Work order: Repeat the data in full. Drop every picture.

Exercise inputs:

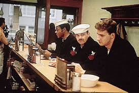 But as Buddusky’s efforts to give this boy a taste of the world before he’s locked out of it for eight years extend to threatening a D.C. barman reluctant to serve Mulhall who will flatly NOT serve an underage sailor, and finding Meadows “a woman,” Mulhall recognizes the threat to both their careers, long time service be damned.
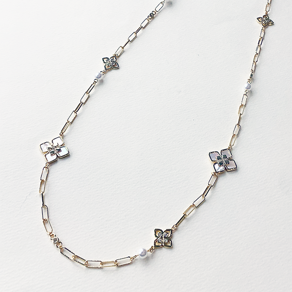 749114 JinkaNezu シェル&キュービックジルコニア フラワーモチーフ ステーションネックレス
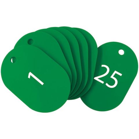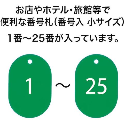 ・色:緑・内容:1~25番・縦(mm):46・横(mm):31・厚さ(mm):2.5・穴径(mm):4
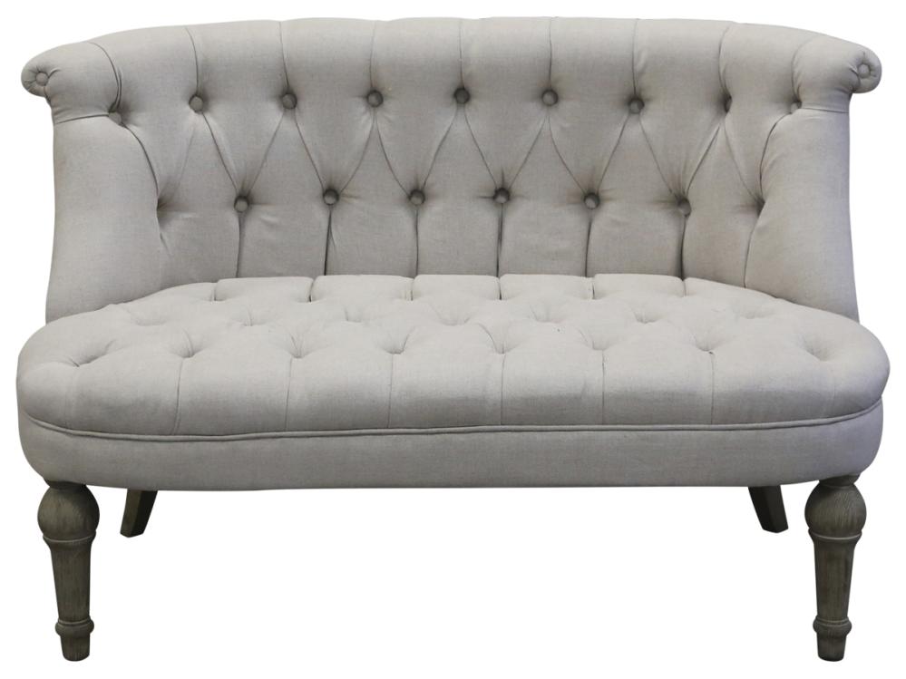 Vacker liten 2-sitssoffa i beige linnetyg med knappar och svarvade träben. Vacker och klassiskt modell av soffa som passar den franska lantstilen men också till många andra inredningsstilar. Passar i vardagsrummet, sovrummet hallen eller varför inte i tonårsrummet?
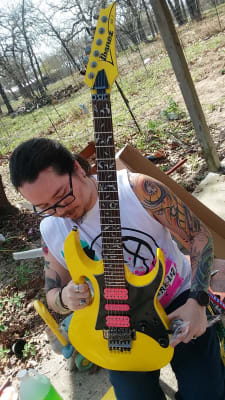 More affordable than ever when steve vai teamed up with ibanez in 1987 little did he realize what a lasting impact his signature model guitar would have. Ibanez jemjrsp steve vai electric guitar yellow 10ft cable stringstunerstand. Passion and warfare.
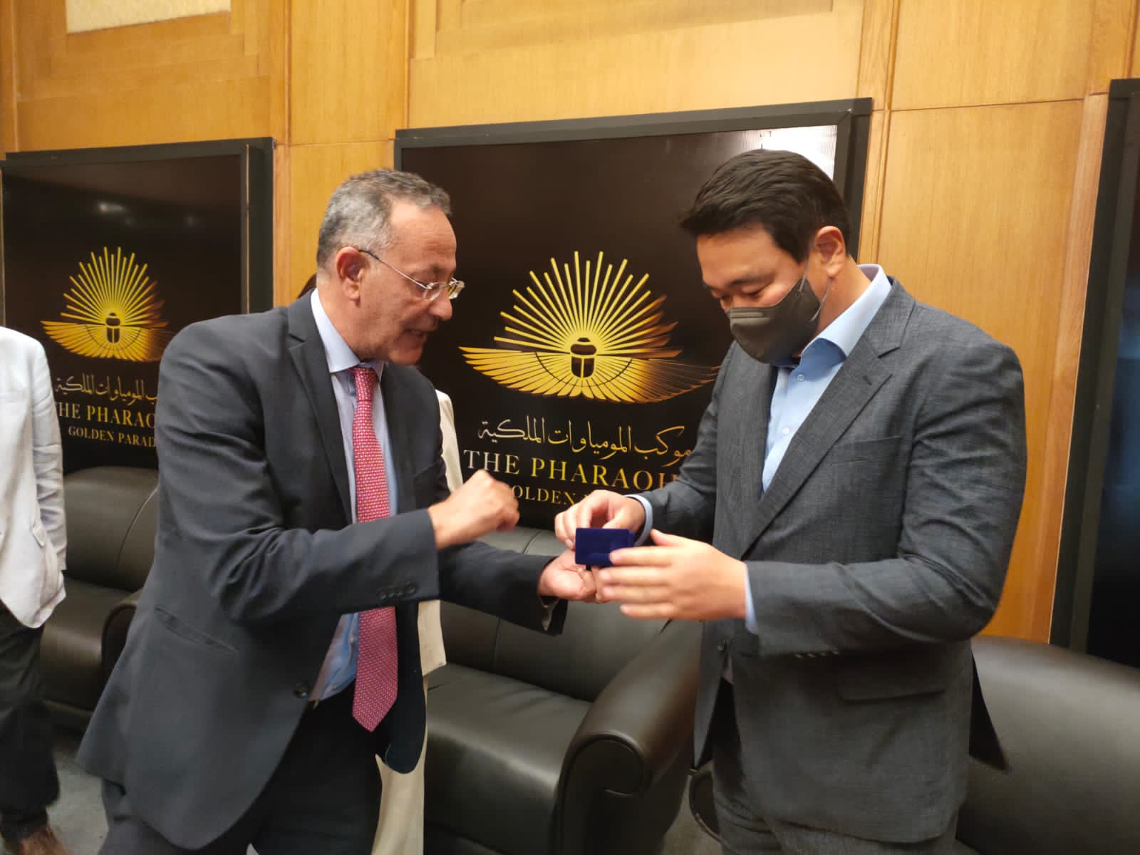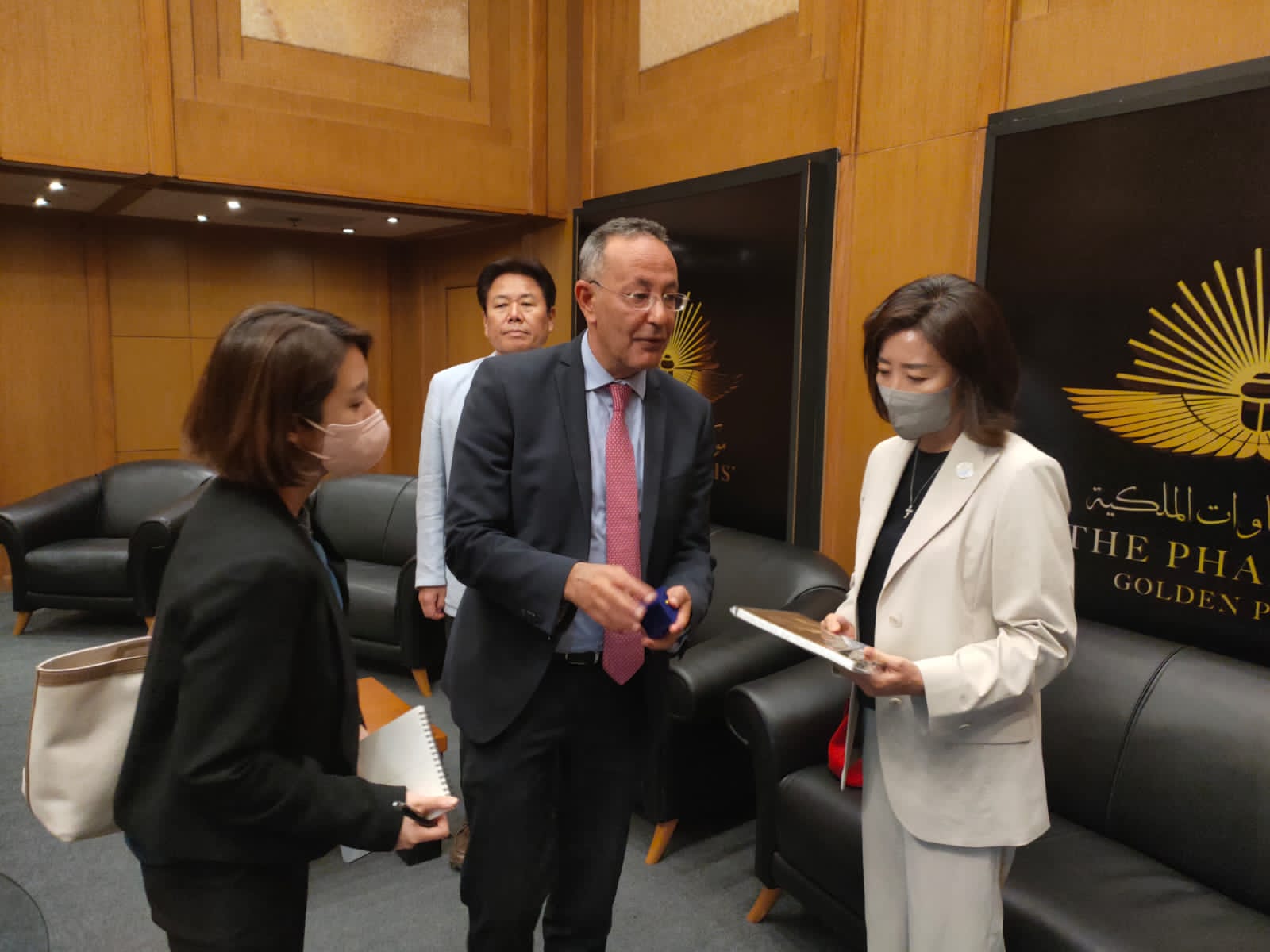 وحرص الدكتور أحمد غنيم رئيس هيئة المتحف القومي للحضارة المصرية، على استقبال المبعوث الخاص لرئيس الجمهورية الكورية والوفد المرافق له بقاعة كبار الزوار، حيث رحب بهم، وقدم لهم الهدايا التذكارية، وعرفهم بالمتحف وفكرة وتاريخ إنشائه، ودوره كأحد المقاصد السياحية والأثرية الهامة ومنارة ثقافية وعلمية متميزة.

Task result:
 But as Buddusky’s efforts to give this boy a taste of the world before he’s locked out of it for eight years extend to threatening a D.C. barman reluctant to serve Mulhall who will flatly NOT serve an underage sailor, and finding Meadows “a woman,” Mulhall recognizes the threat to both their careers, long time service be damned.
 749114 JinkaNezu シェル&キュービックジルコニア フラワーモチーフ ステーションネックレス
 ・色:緑・内容:1~25番・縦(mm):46・横(mm):31・厚さ(mm):2.5・穴径(mm):4
 Vacker liten 2-sitssoffa i beige linnetyg med knappar och svarvade träben. Vacker och klassiskt modell av soffa som passar den franska lantstilen men också till många andra inredningsstilar. Passar i vardagsrummet, sovrummet hallen eller varför inte i tonårsrummet?
 More affordable than ever when steve vai teamed up with ibanez in 1987 little did he realize what a lasting impact his signature model guitar would have. Ibanez jemjrsp steve vai electric guitar yellow 10ft cable stringstunerstand. Passion and warfare.
 وحرص الدكتور أحمد غنيم رئيس هيئة المتحف القومي للحضارة المصرية، على استقبال المبعوث الخاص لرئيس الجمهورية الكورية والوفد المرافق له بقاعة كبار الزوار، حيث رحب بهم، وقدم لهم الهدايا التذكارية، وعرفهم بالمتحف وفكرة وتاريخ إنشائه، ودوره كأحد المقاصد السياحية والأثرية الهامة ومنارة ثقافية وعلمية متميزة.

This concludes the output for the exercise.